7. Système d'équilibrage d'huile selon la revendication 5, dans lequel le système d'équilibrage
d'huile comprend en outre :
un module de compte de panne configuré pour incrémenter un premier compte de panne
lorsqu'un premier signal de panne est détecté et pour incrémenter un second compte
de panne lorsqu'un second signal de panne est détecté ; et
un module de quarantaine configuré pour fermer la première vanne lorsque le premier
compte de panne ou le second compte de panne dépasse un point de consigne de quarantaine
prédéterminé.
8. Système d'équilibrage d'huile selon la revendication 7, dans lequel le module de quarantaine
est en outre configuré pour arrêter le premier compresseur lorsque le premier compte
de panne dépasse le point de consigne de quarantaine et pour arrêter le deuxième compresseur
lorsque le second compte de panne dépasse le point de consigne de quarantaine.
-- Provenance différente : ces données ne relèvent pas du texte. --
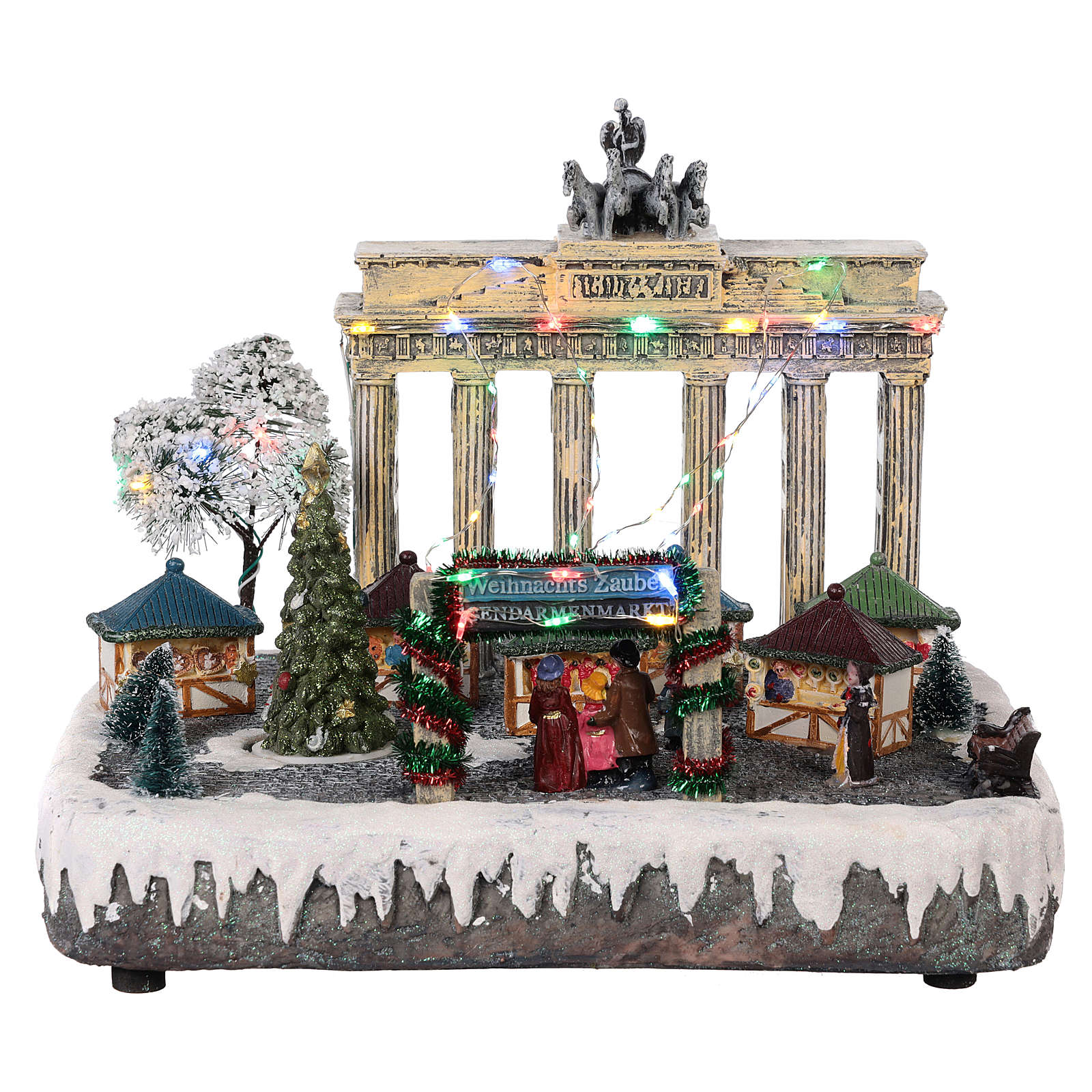 Cenário de Natal Berlim movimento luzes música 25x20x25 cm. Cenário natalino de Berlim em resina com Portão de Brandeburgo e mercado de Natal, animado por luzes, movimento e música (a música pode ser excluída).Artigo alimentado por ficha 220V.

9. Système d'équilibrage d'huile selon la revendication 5, dans lequel le système d'équilibrage
d'huile comprend en outre :
un module de compte de panne configuré pour incrémenter un premier compte de panne
lorsqu'un premier signal de panne est détecté et pour incrémenter un second compte
de panne lorsqu'un second signal de panne est détecté ; et
dans lequel, après une seconde période prédéterminée et un compte de panne prédéterminé,
le module d'équilibrage d'huile est configuré pour notifier, à l'utilisateur, qu'il
y a une fuite éventuelle.
10. Système d'équilibrage d'huile selon la revendication 1, comprenant en outre un module
de détection de fuite, dans lequel le module de détection de fuite est configuré pour
utiliser le premier signal et le second signal pour déterminer le fait qu'une fuite
d'huile est présente ou non.
11. Système d'équilibrage d'huile selon la revendication 10, dans lequel le module de
détection de fuite est configuré pour utiliser une première température de refoulement
du premier compresseur et une seconde température de refoulement d'un deuxième compresseur
pour déterminer s'il y a une fuite de réfrigérant.
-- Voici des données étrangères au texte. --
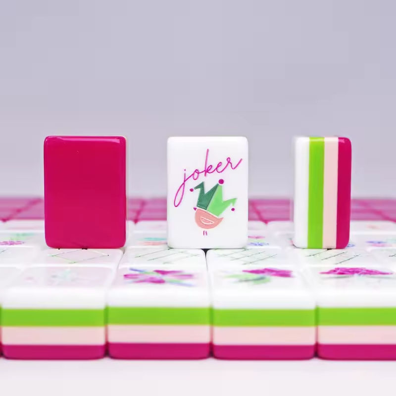 Tuiles de mahjong américaines sur mesure à 4 couches, tuiles en acrylique rose avec 160 cartes, ensemble de jeu élégant et luxueux pour adultes et cadeaux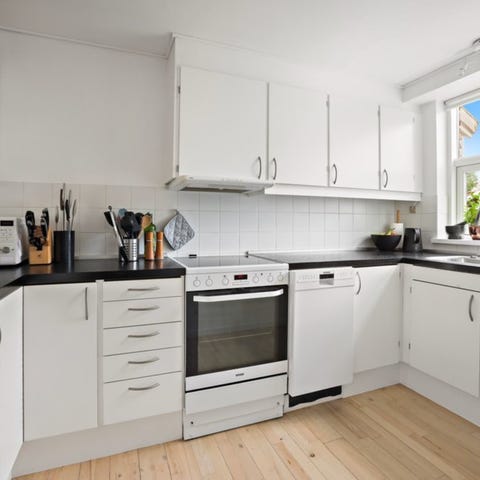 Nedtaget køkken med køleskab med frostkoks, indbygningsovn med kogeplade og opvaskemaskine alt i Bosch. Alt virker fint.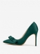 Damskie CZarne Buty Na Wysokim Obcasie Satynowe CZółenka Ze Szpicem I Kokardą Szpilce

12. Système d'équilibrage d'huile selon la revendication 11, dans lequel le système d'équilibrage
d'huile est configuré de telle sorte que la première température de refoulement et
la seconde température de refoulement sont comparées à une première température de
refoulement théorique et une seconde température de refoulement théorique se trouvant,
respectivement, sur une table de conversion.
13. Système d'équilibrage d'huile selon la revendication 12, dans lequel le module de
détection de fuite est configuré pour notifier, à l'utilisateur, des emplacements
potentiels de la fuite.
14. Système d'équilibrage d'huile selon la revendication 1, comprenant en outre :
un troisième compresseur (10e), dans lequel la conduite d'égalisation d'huile s'étend
en outre jusqu'au troisième compresseur et moyennant quoi la première vanne est disposée
à un emplacement tel qu'elle soit capable d'isoler le premier compresseur du deuxième
compresseur et du troisième compresseur ;
une deuxième vanne (224) sur la conduite d'égalisation d'huile à un emplacement tel
qu'elle soit capable d'isoler le deuxième compresseur du premier compresseur et du
troisième compresseur ;
une troisième vanne (228) sur la conduite d'égalisation d'huile à un emplacement tel
qu'elle soit capable d'isoler le troisième compresseur du premier compresseur et du
deuxième compresseur ; et
le système de détection de niveau d'huile configuré pour générer un troisième signal
correspondant à un troisième niveau d'huile dans le troisième compresseur, dans lequel
le module d'équilibrage d'huile est configuré pour en outre utiliser le troisième
signal pour diagnostiquer un déséquilibre d'huile, et appliquer une action correctrice,
moyennant quoi l'action correctrice peut en outre comprendre l'envoi de signaux de
commande pour faire fonctionner au moins un du troisième compresseur, de la deuxième
vanne, ou de l'électrovanne.
15. Système d'équilibrage d'huile selon la revendication 1, dans lequel une priorité d'algorithmes
dans le module d'équilibrage d'huile est comme suit : (1) détection d'huile ; (2)
quarantaine de compresseur ; (3) logique de commande pour faire fonctionner un système
à compresseurs multiples ; puis tous les autres algorithmes de commande.